AI buddy that lives next to your cursor
Screen-aware AI turns every unfamiliar app into a lesson with someone next to you
Every time I get to learn an unfamiliar piece of software, I find myself in the same loop. I open the app, I get confused by something within the first ninety seconds, and close the window, rumbling to myself: “Okay, it's harder than I thought”.
I open another tab, search “how to do X in Y,” scrub through three YouTube tutorials at 1.5x speed, watch a TikTok of someone’s hand pointing at a button I can’t find in my version of the app, lose my place twice trying to bring the original window back into focus, and return to the project with a partial memory of what I was supposed to do.
It multiplies by every prosumer tool the modern creator (or solo-founder) is supposed to know - DaVinci, Blender, Figma, Logic, After Effects, CapCut, Notion, Linear - and the cumulative cost of self-learning becomes the reason most of us know one or two tools well and twenty others badly.
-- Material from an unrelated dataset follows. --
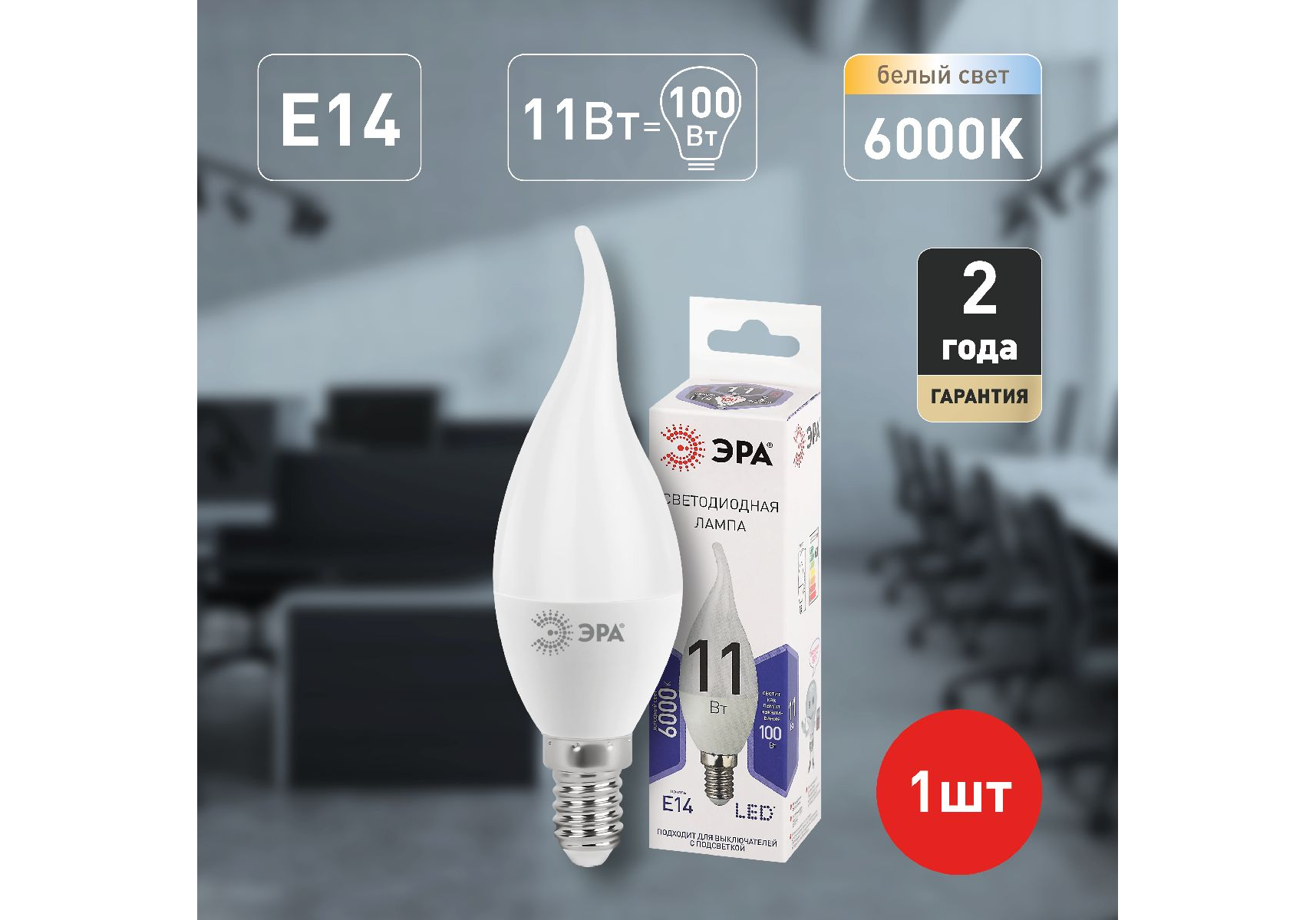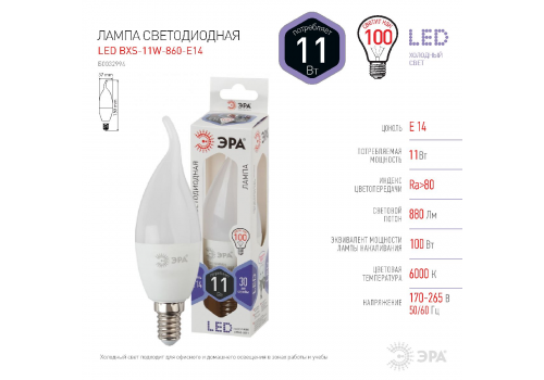 Лампа светодиодная Эра E14 11W 6000K LED BXS-11W-860-E14 Б0032994
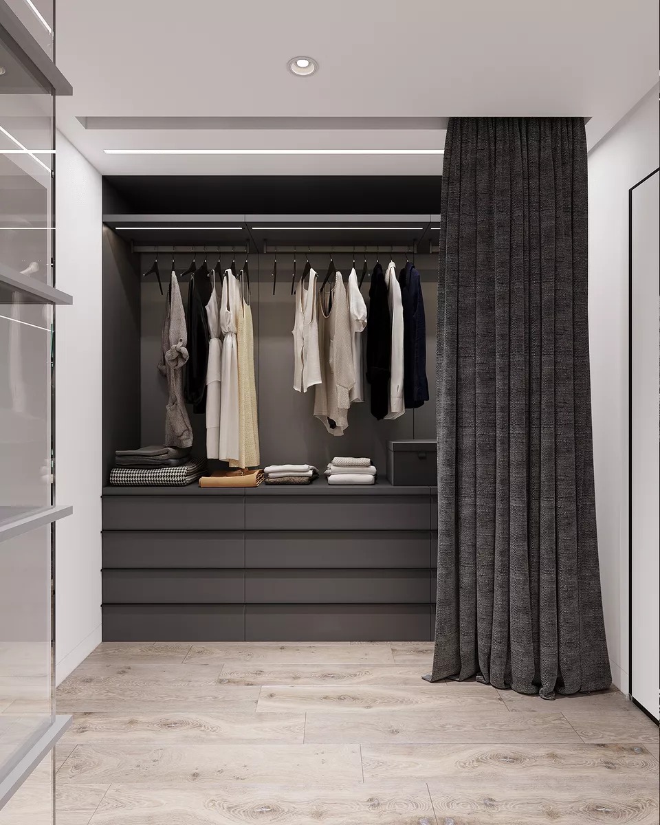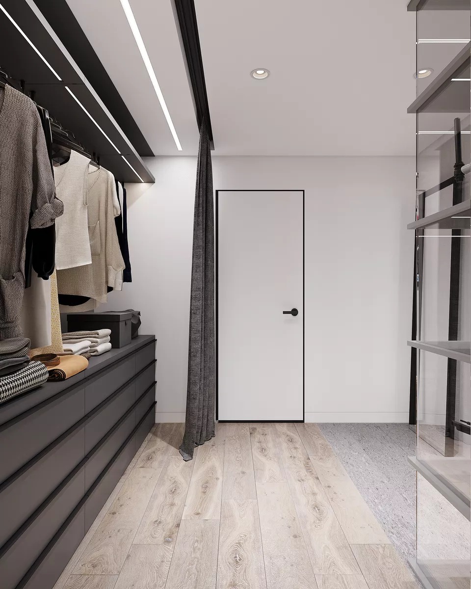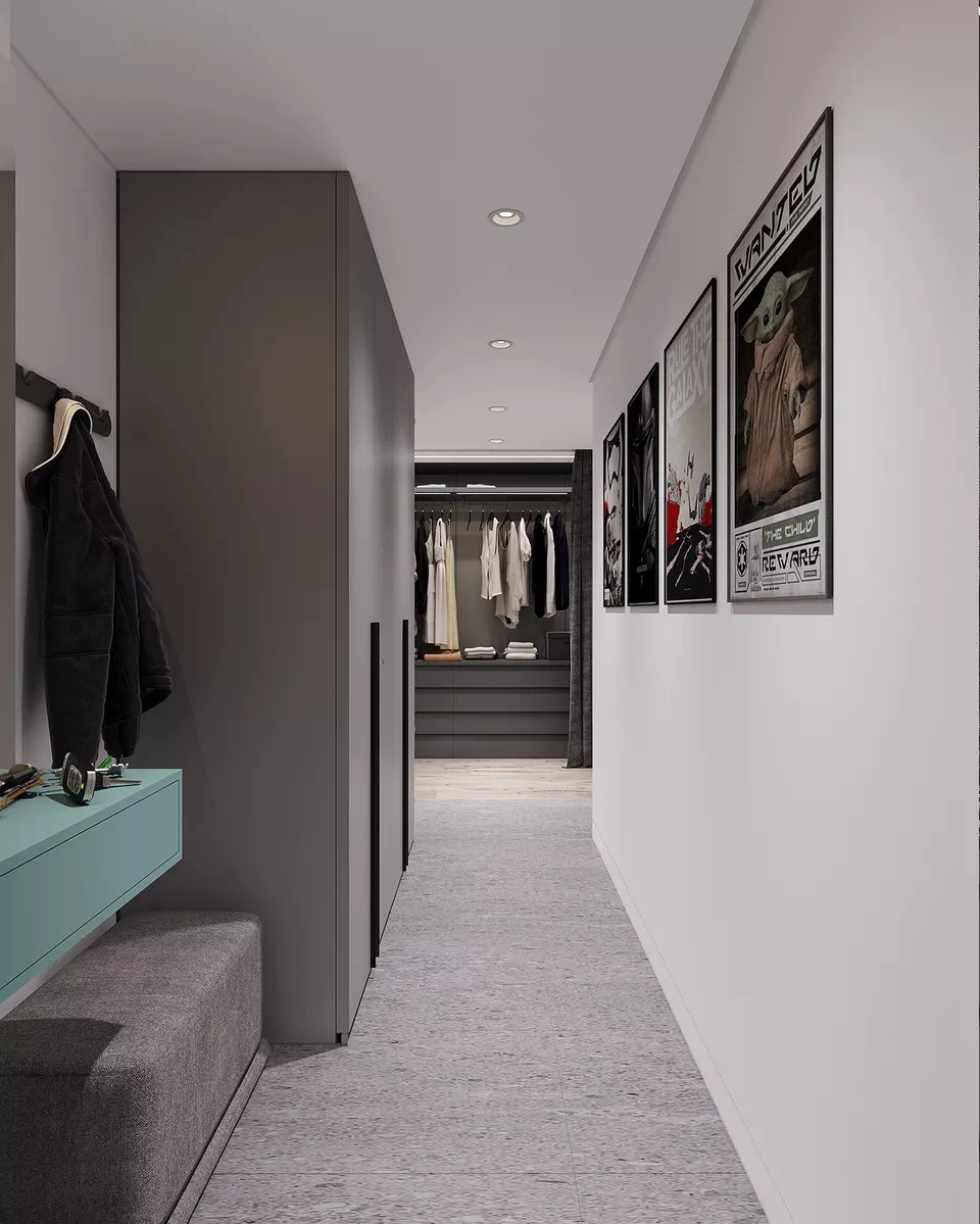進門坐凳簡潔、舒適,所有收納移交至右側衣柜,鞋、包包、配件等都可放里面。

It appears that the friction isn’t in finding the answer, but in holding two windows open in your head at the same time.
That wasn’t always the case. It was, actually, worse.
In the 1990s, learning unfamiliar software meant buying a 600-page Wiley manual or watching a corporate training VHS at half speed in a fluorescent-lit conference room. The friction was so high that most professional software was learned in cohorts - you took a class, you sat next to a colleague who already knew Photoshop, or you didn’t learn it at all.
Then the long pivot began. Manuals became PDFs; PDFs became help websites; help websites became Stack Overflow threads; Stack Overflow became YouTube tutorials; YouTube became 90-second TikToks of someone’s hand showing you where the bevel modifier lives in Blender. The cost of finding the answer collapsed at every step. The cost of interrupting your work to find it did not.
The volume of available help exploded, but the shape of the friction stayed exactly where it was for thirty years.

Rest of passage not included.